Starting at the line with "- 생명보험, 실손의료비, 치아보험, 유병자 보험 등 다양한 상품 제공" and stopping at the final line, retype the data below exactly; do not carry over any pictures.

PROVIDED DATA:

......

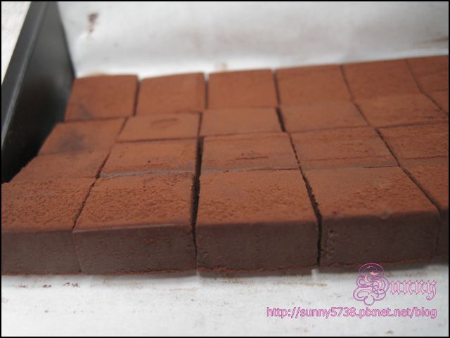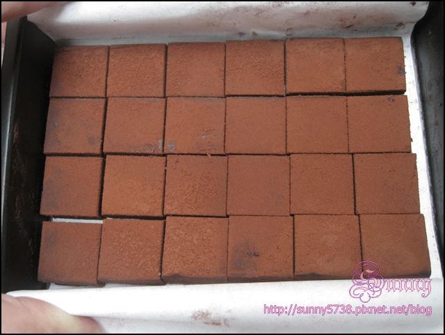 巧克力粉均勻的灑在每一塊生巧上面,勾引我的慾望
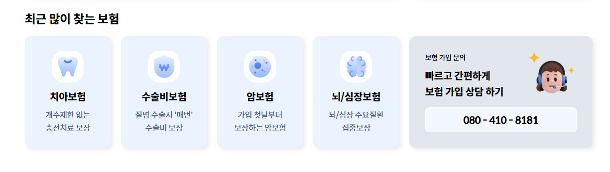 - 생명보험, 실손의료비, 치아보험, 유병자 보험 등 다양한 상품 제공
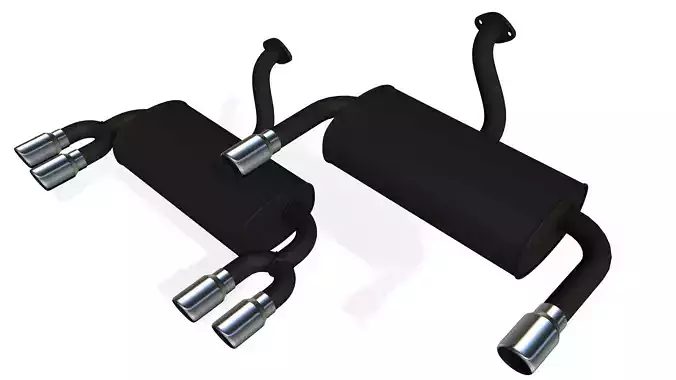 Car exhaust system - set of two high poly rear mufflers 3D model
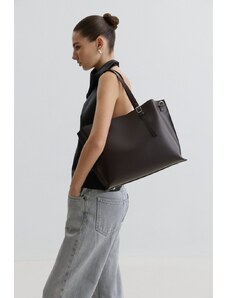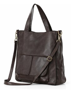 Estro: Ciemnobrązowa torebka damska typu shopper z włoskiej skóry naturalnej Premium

......

ANSWER TO THIS EXERCISE:
 - 생명보험, 실손의료비, 치아보험, 유병자 보험 등 다양한 상품 제공
 Car exhaust system - set of two high poly rear mufflers 3D model
 Estro: Ciemnobrązowa torebka damska typu shopper z włoskiej skóry naturalnej Premium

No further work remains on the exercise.